Another region of the state that has accounted for the largest deer taken during the past few big game seasons is in the Adirondacks region, and especially the backwoods areas of Jefferson and St. Lawrence counties. The Adirondacks are one of the very few regions on the eastern US where a deer can actually spend its entire life without ever seeing a human being.
Hunting there successfully can be a rough and tough proposition, but it can be done by anyone dedicated to hunting trophy deer.
Are you too late already?
Dedicated trophy hunters should have already begin their pre-season scouting. Driving back roads in farm or timbered country, both early and late, will result in seeing lots of deer, and even some nice bucks.
Once the majority of leaves are off the trees, usually in late October, pre-season scouting from views with binoculars or a good spotting scope, both early and late during any day, is another good way to locate big bucks. The hour beginning at first light and the last hour of daylight are the times when the big bucks are most likely to be on the move and therefore more visible.
On-site inspection of the actual woodland range of a trophy is only a follow-up to the visual scouting. But it is equally important, mainly because it serves to pinpoint the best stand or ambush locations for that particular deer.
still need skill
Good hunting skills are an absolute necessity once the hunting season arrives. Besides having several stands that could prove productive based on the knowledge obtained during the pre-season scouting trips, it is important that the hunter understand scent management and other key skills that cost countless hunters their chance at a trophy deer before they even suspected one was in their vicinity.
The wind is by far the whitetail deer’s best friend. It will tell him everything he needs to know about what lies upwind from wherever he happens to be.
Patience is another key tool for every hunter. Being able to spend every possible moment actually hunting, and being able to remain alert during that time, is critically important.
Daydreaming or taking a short nap has probably cost more hunters their chance at a big deer than any other reason.
Remember that every one of the biggest trophy bucks has a specific place or several specific places where it can run to and know that it is safe.
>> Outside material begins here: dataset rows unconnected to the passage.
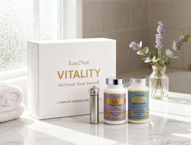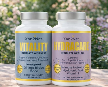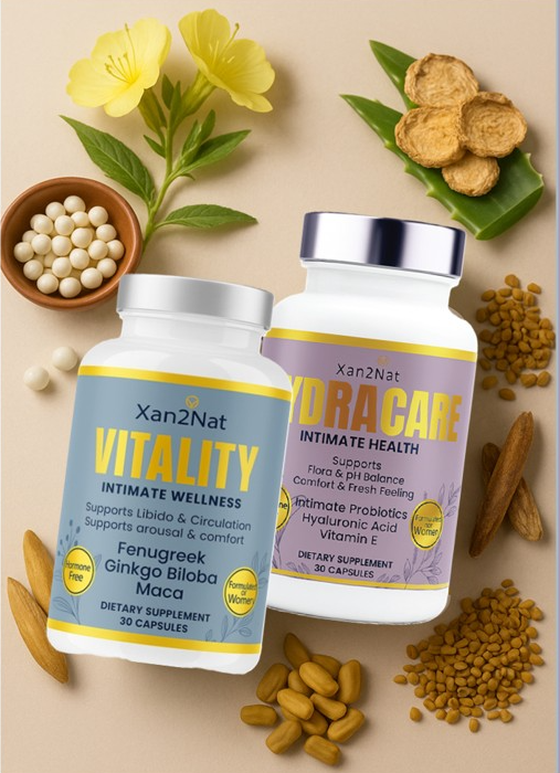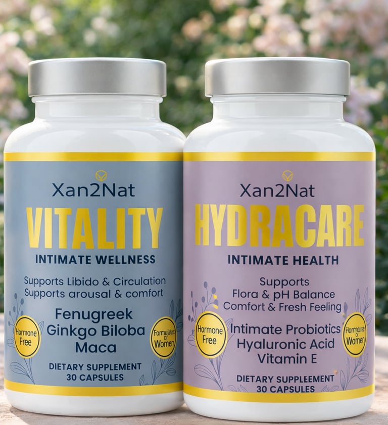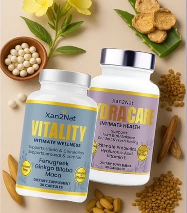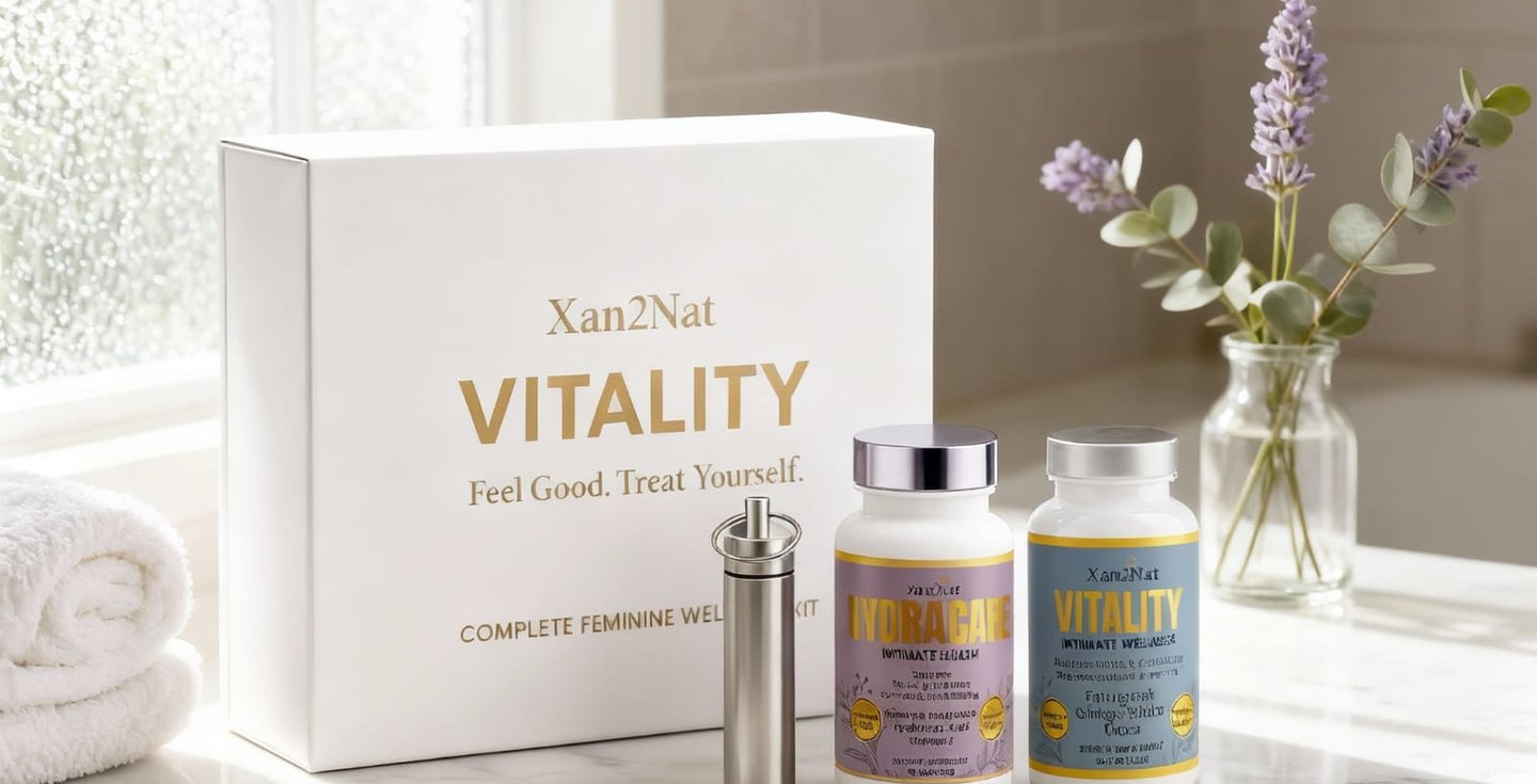 Reclaim your intimate wellness with the dual-system Xan2Nat™ Vitality + HydraCare. This premium, hormone-free kit supports natural lubrication, vaginal pH balance, flora health, odor control, libido, and daily comfort.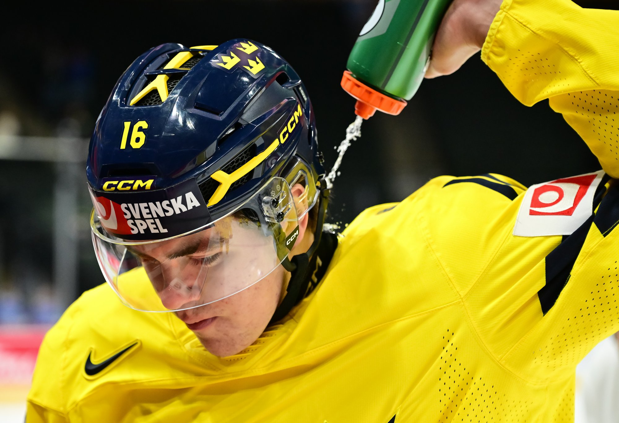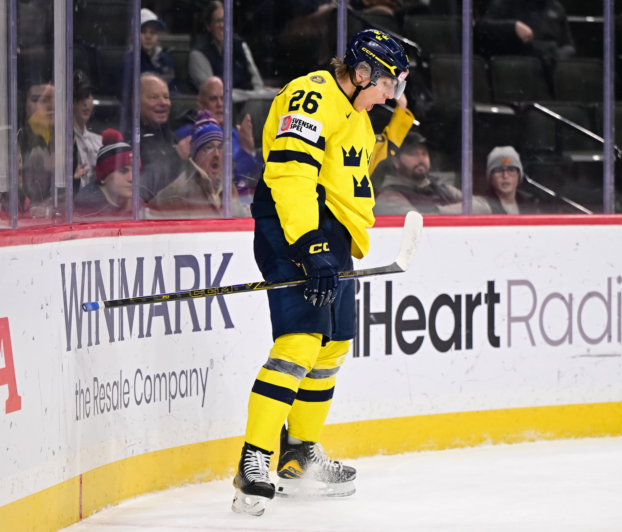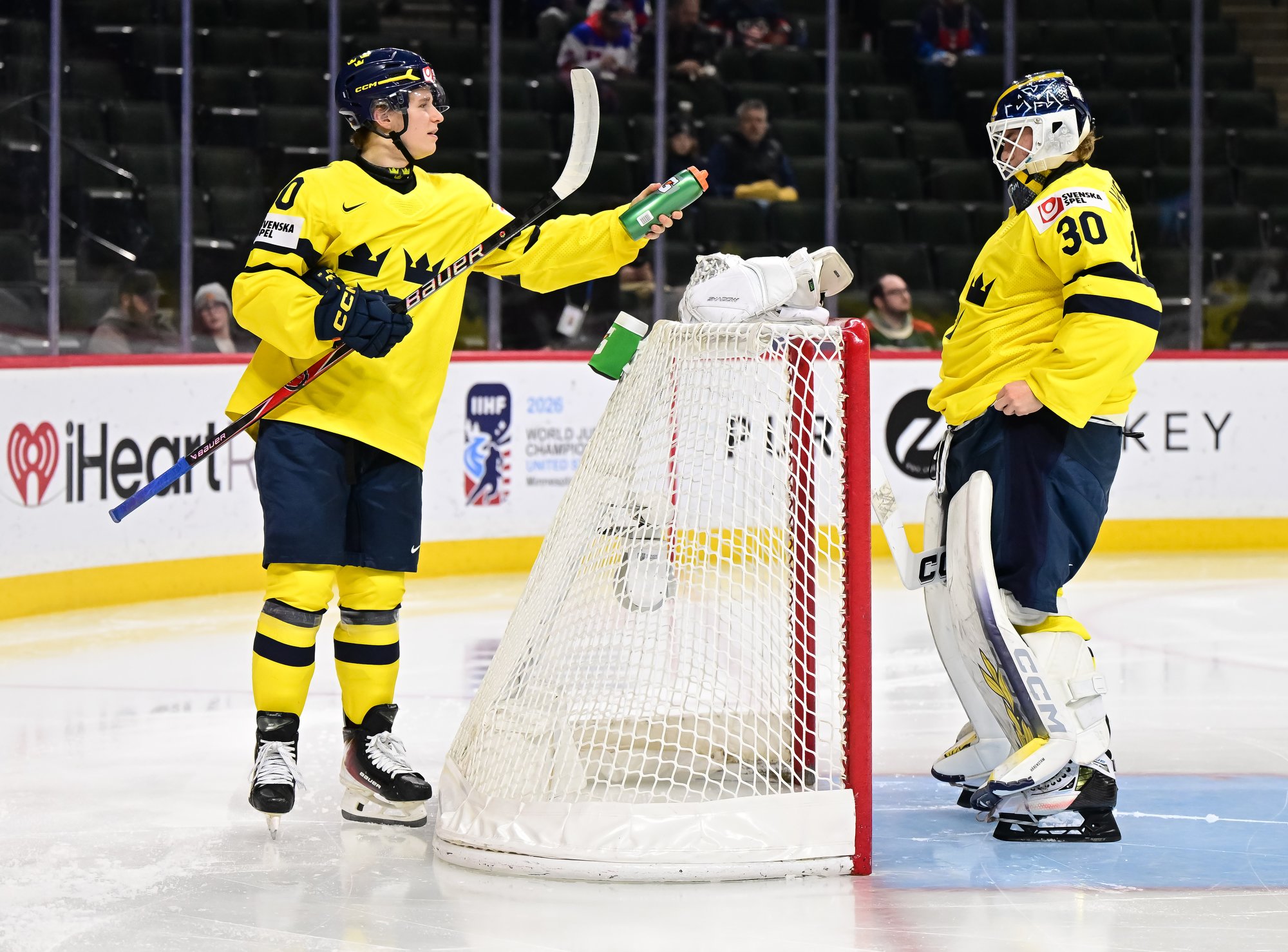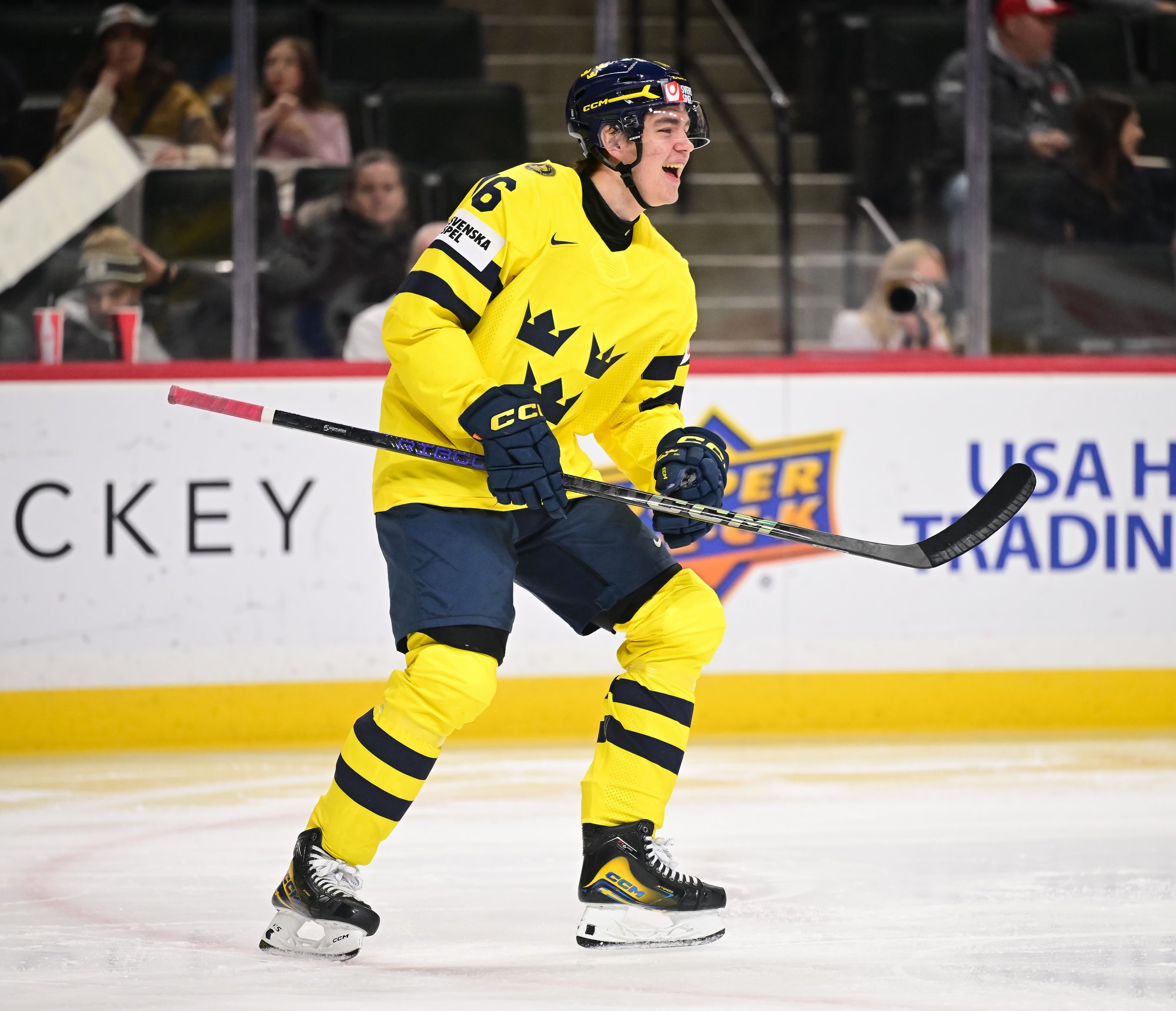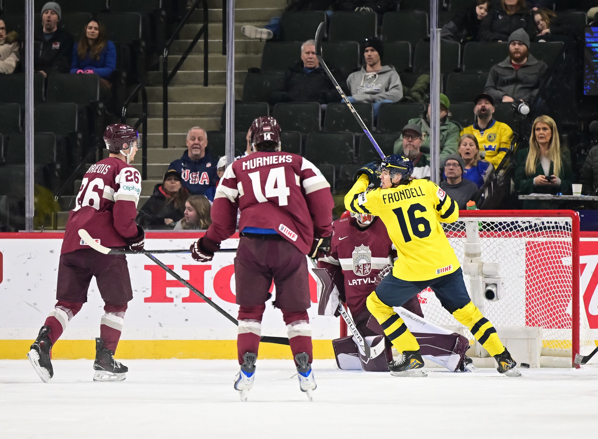 Forward Anton Frondell (#16) sparked Sweden with two goals in a 6-3 quarter-final victory over Latvia at the 2026 World Juniors in St. Paul, Minnesota.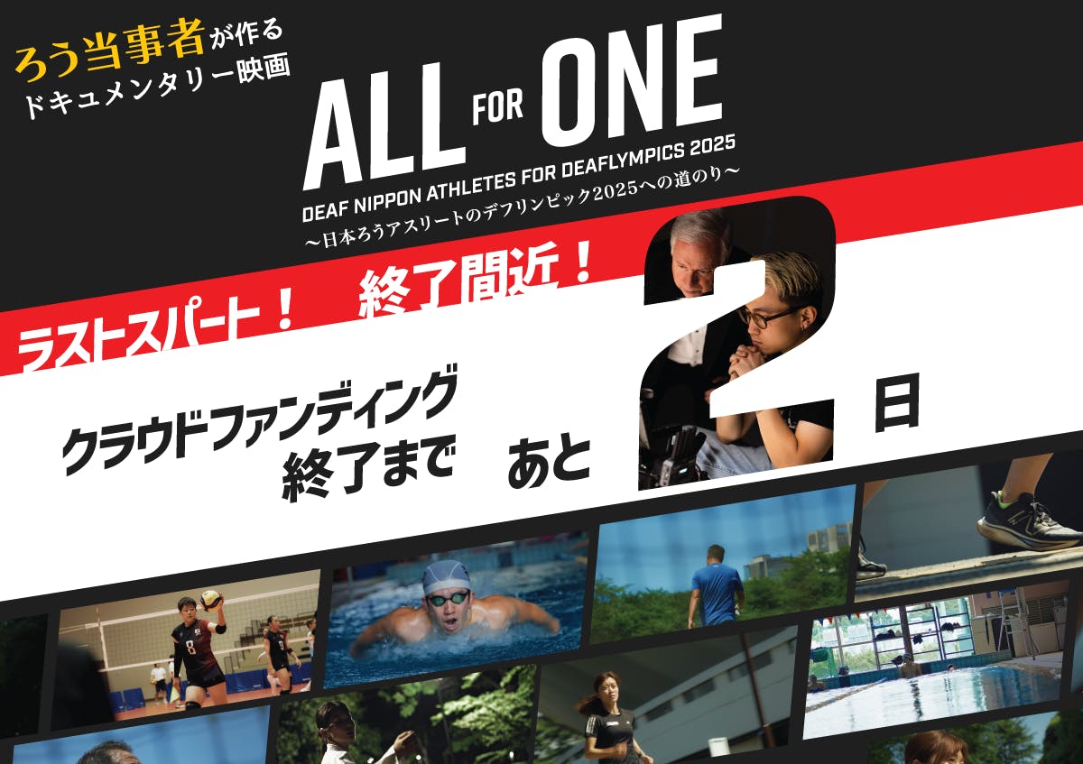 デフアスリートに密着したドキュメンタリー映画『ALL FOR ONE』クラウドファンディング終了まであと2日となりました!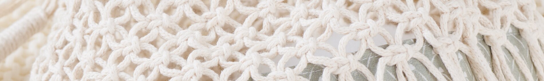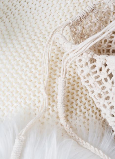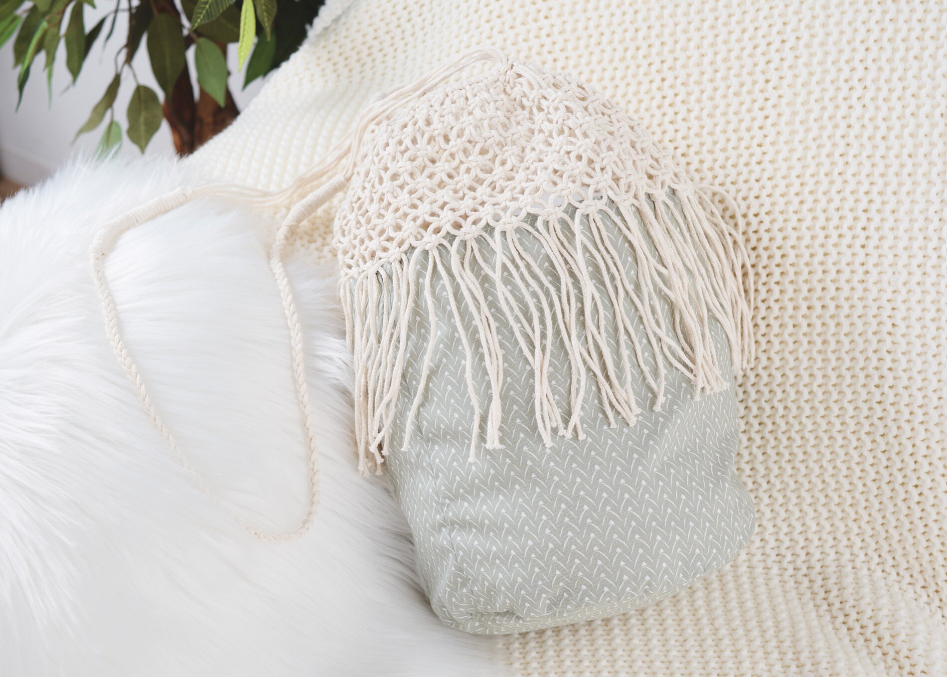 Now tie 10 rows with the square knot for the pretty macramé area. The distance between the knots here is about 1 cm. Both parts, fabric and macramé are now connected. Glue the last knots to the fabric with craft glue. Glue 28 knots in the front and 28 knots in the back to the bag.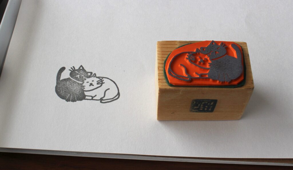 消しゴムはんこは、消しゴムに絵やデザインを描き、彫刻刀などで線を残すように削り、余白を整えた後にインクをのせて、押す——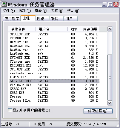 SERVICES.EXE  SYSTEM            cpu使用00          3468K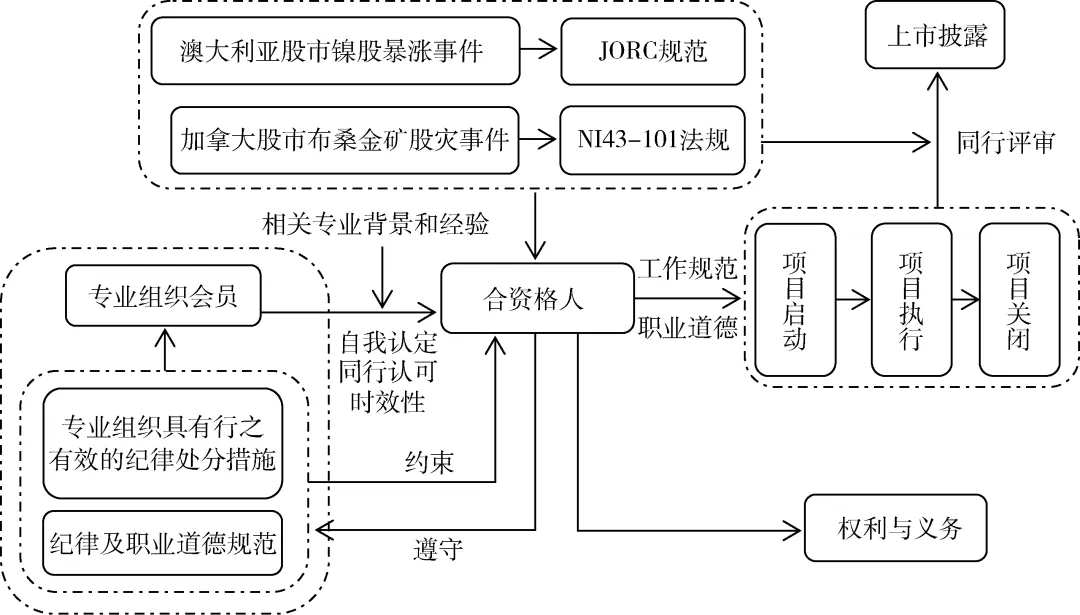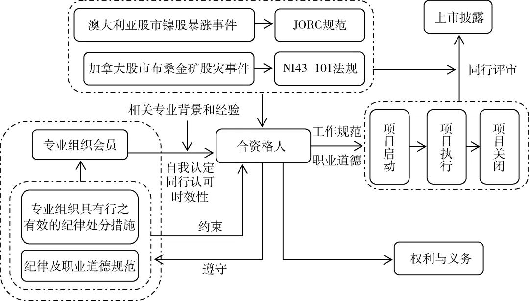 建立合資格人制度的國家均對合資格人進(jìn)行了定義,見表1。簡要概括基本包含以下幾點(diǎn):具有相關(guān)專業(yè)背景和經(jīng)驗(yàn)(要求至少5年相關(guān)經(jīng)驗(yàn));國內(nèi)國際認(rèn)可的專業(yè)組織會員;遵守所屬專業(yè)組織紀(jì)律或者職業(yè)道德規(guī)范;專業(yè)組織具有行之有效的紀(jì)律處分措施。合資格人體系見圖1。 表1 主要礦業(yè)國家專業(yè)組織合資格人定義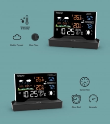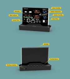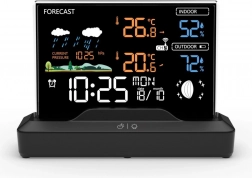 Med den trådløse sensor med rækkevidde op til 30 m får du aktuelle temperatur- og fugtdata fra både inde- og udemiljø. Barometer og indbygget vejrudsigtsfunktion for 12–24 timer gør dagens planlægning lettere. Derudover findes alarm med snooze, kalender og visning af Månens faser.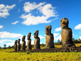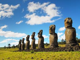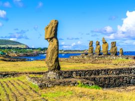 13時頃にイースター島に到着後、15時からツアーに参加することができるので、効率的でした。メインはアフ・アキビの7体のモアイです。空の青と芝生の緑によく映えて、神聖な雰囲気が漂っていました。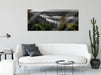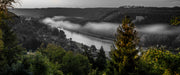 Nebel über Fluss bei Sonnenaufgang B&W Detail, Glasbild Panorama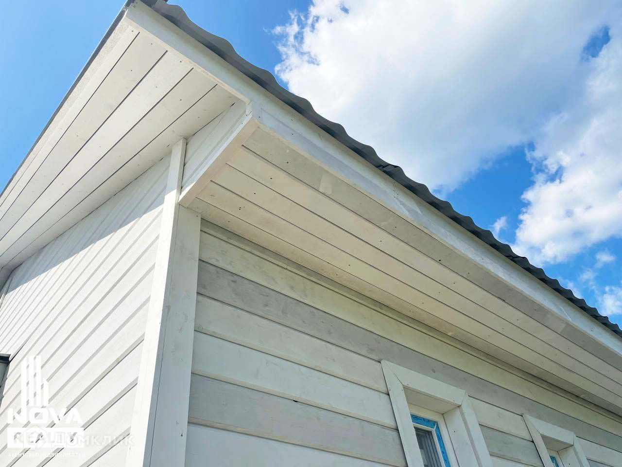 Отделка фасада: имитация бруса, натуральная доска хвойных пород, окрашенная финской краской.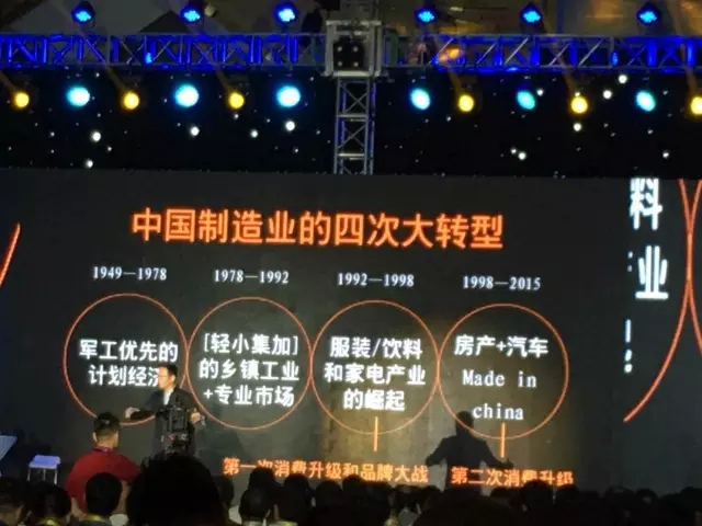 92年以后中国商品开始发展,老百姓手里有点钱,所以我们要改善他们的生活。怎么办呢?让他们吃好穿好,所以服装、饮料行业开始起来,还有保健品。当我们吃好穿好以后怎么办?我们家里夏天的时候最好有一个空调、大冰箱,89年以后开始有电视机,家电企业起来了。中国的服装品牌,中国的饮料品牌,中国的家电,你想的起来的,这三各行业的品牌,90%以上成名在1992-1998年之间,这就是中国的第二次转型。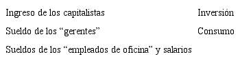 Puesto que en nuestro modelo el consumo de los empleados a sueldo y los trabajadores manuales es igual a su ingreso, al sustraer los sueldos y los salarios de ambos lados obtenemos: ingreso de los capitalistas = inversión + consumo de los capitalistas. Esta ecuación es muy importante para el argumento ulterior. De la misma se desprende que el ingreso de los capitalistas expresado en “valores estables” está determinado completamente por el volumen de su inversión y su consumo.

Such a safe haven might be a patch of posted property, a steep side-hill thicket, or even a tiny patch of brush in the middle of an open field.
There will also be several escape routes available in those havens that will be utilized at the first sign of danger.
Sometimes, it’s better to be lucky
Are there any shortcuts to bagging a real trophy buck? Most shortcuts such as night hunting or hunting before the season actually opens or is closed are, of course, strictly illegal.
The only legal shortcut that hunters might take advantage of is one they cannot rely on — blind good luck. Most often this involves one hunter causing the big buck to run in front of another hunter.
But since big bucks are masters of patience themselves, this is unlikely. Most often they will simply lay down and allow the hunter to pass by without ever knowing they were even in the area.
There is no game animal in the world that is more difficult to hunt than a mature whitetail buck. It is intimately aware of its entire home range, and it not only knows where safety can be found, but how to reach that safety without exposing itself to additional dangers. And since few of these big old boys make any mistakes, maybe that is why, during any given deer season, only a dozen or so really big bucks are actually taken by hunters.
But remember, since there are a few really big bucks bagged each hunting season, that is proof that the big ones are still out there, just waiting to match wits with us mortals.
Len Lisenbee is the Messenger’s Outdoor Columnist. Contact him at [email protected]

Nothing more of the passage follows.